The key patterns observed in Table 2 – superior performance of median aggregation compared to mean aggregation, and monotonicity in group size – can also be clearly seen in the figure. Figure 1 also illustrates that the effect of group size is more salient in median aggregation where different colored dots are more spread out than in mean aggregation, where all the dots for k > 2 (red) are clumped together indicating similar forecast qualities. Comparison of error bars of the same color (equal group size) from Figure 1A and 1B does not show any particular pattern whereas comparison of different colored error bars show that the variation of the aggregated results is reduced when the group size increases for both mean and median aggregation. Figure 2 shows aggregated Q scores for 50% probability intervals (means in Figure 2A and medians in Figure 2B) of different group sizes plotted on the empirical cumulative distribution of individual Q scores for 50% probability interval. The superiority of the median over the mean aggregation is demonstrated by two features. First, for the same group size, median aggregation leads to higher percentile than the mean aggregation. Second, the effect of group size is more pronounced for median aggregation. A visual inspection of the error bars confirms the conclusions from Figure 1, highlighting the group size effect on the width of 90% confidence intervals for both aggregation method.
Figures 3 and 4 plots the aggregated Q scores of 70% and 90% probability intervals in individual cumulative distribution (means in Figure 3A and Figure 4A and medians in Figure 3B and Figure 4B). The median aggregation yields equal, or higher, scores than the mean aggregation for aggregated Q scores of 70% (Figure 3), but this superiority does not hold for aggregated Q scores of 90% (Figure 4). In Figure 3, the different color dots are more spread out in mean aggregation (Figure 3A) than in median aggregation (Figure 3B) where aggregated performance of k = 8, 16 and 32 clump together. Therefore Figure 3 suggests a stronger group size effect for the mean, unlike the pattern seen for the Brier scores. In Figure 4 the positions of the same colored dots in left and right panels are quite similar, suggesting there is no significant difference in the group size effect between mean and median aggregation methods.
3.2 Which elicitation method benefits more from aggregation of forecasts: Point probabilities or probability intervals?
One could argue that the comparisons in first example could have been done without using the new metric. In this section we use the quantile method to compare forecasting performance of different measures based on different elicitation methods. More specifically, we compare point probabilities and probability intervals (three different widths 50%, 70% and 90% CIs). Such comparisons could not have been performed without invoking the quantile metric.

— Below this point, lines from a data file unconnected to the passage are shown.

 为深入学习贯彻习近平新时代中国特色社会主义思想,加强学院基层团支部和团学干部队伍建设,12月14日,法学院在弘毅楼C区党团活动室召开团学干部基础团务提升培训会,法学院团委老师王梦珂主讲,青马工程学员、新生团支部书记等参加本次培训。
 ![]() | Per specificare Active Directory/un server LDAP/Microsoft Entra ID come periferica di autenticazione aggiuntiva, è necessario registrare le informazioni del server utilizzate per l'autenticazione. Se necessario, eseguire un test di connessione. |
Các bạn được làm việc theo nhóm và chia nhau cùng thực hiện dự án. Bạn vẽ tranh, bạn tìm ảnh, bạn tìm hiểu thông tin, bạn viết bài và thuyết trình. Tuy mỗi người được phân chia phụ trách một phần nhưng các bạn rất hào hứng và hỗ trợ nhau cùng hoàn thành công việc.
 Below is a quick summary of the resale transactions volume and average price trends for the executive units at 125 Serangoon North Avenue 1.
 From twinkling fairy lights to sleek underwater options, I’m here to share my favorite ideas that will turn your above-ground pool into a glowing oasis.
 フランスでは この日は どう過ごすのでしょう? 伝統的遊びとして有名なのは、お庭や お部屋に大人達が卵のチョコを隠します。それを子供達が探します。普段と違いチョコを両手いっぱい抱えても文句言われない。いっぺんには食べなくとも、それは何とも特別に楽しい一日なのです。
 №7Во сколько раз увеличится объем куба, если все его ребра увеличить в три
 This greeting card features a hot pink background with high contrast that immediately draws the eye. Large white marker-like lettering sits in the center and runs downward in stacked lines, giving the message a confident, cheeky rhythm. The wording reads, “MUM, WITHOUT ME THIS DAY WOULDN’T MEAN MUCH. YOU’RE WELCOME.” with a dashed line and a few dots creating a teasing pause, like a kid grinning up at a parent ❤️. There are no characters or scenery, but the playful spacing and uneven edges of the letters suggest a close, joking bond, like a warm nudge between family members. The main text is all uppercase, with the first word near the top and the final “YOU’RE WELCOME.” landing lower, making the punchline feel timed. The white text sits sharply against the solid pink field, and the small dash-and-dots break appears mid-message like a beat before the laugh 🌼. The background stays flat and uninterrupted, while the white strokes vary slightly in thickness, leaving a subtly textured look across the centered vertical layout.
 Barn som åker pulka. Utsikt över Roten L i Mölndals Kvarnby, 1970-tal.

Figure 5A and 5B summarize aggregated forecasting quality of four measures (Brier scores for point probability format and Q scores for 50%, 70% and 90% for probability interval format) across different group sizes under mean (Figure 5A) and median (Figure 5B) aggregation. The 90% probability intervals yield the highest aggregated forecasting quality and 50% intervals lead to the lowest aggregated performance with 70% probability intervals and point probabilities lying in between. When the probabilities were elicited by interval format, wider probability intervals benefit more from aggregation compared to the narrower intervals, for both mean and median aggregation: Percentile (Q90%) ≥ Percentile (Q70%) ≥ Percentile (Q50%). Part of the explanation for this pattern has to do with the definition of the Q score itself that penalizes more heavily narrow intervals. Assume the target variable has a standardized normal distribution and our judge is perfectly calibrated (so only the first part of the Q score matters), and predicts 50% intervals of width 1.35, 70% intervals of width 2.07 and 90% intervals of widths 3.29. This judge would be penalized −0.25*1.35 = −0.338 for the 50% interval, −0.15*2.07 = −0.311 for the 70% intervals and 0.05*3.29 = −0.165 for the 90% intervals.Footnote 7 In addition, the inter-individual variance of the Q90% is higher than the variance of the narrower intervals, reflecting the higher variance for extreme cases, so the benefits of aggregation for Q50% and Q70% are more limited.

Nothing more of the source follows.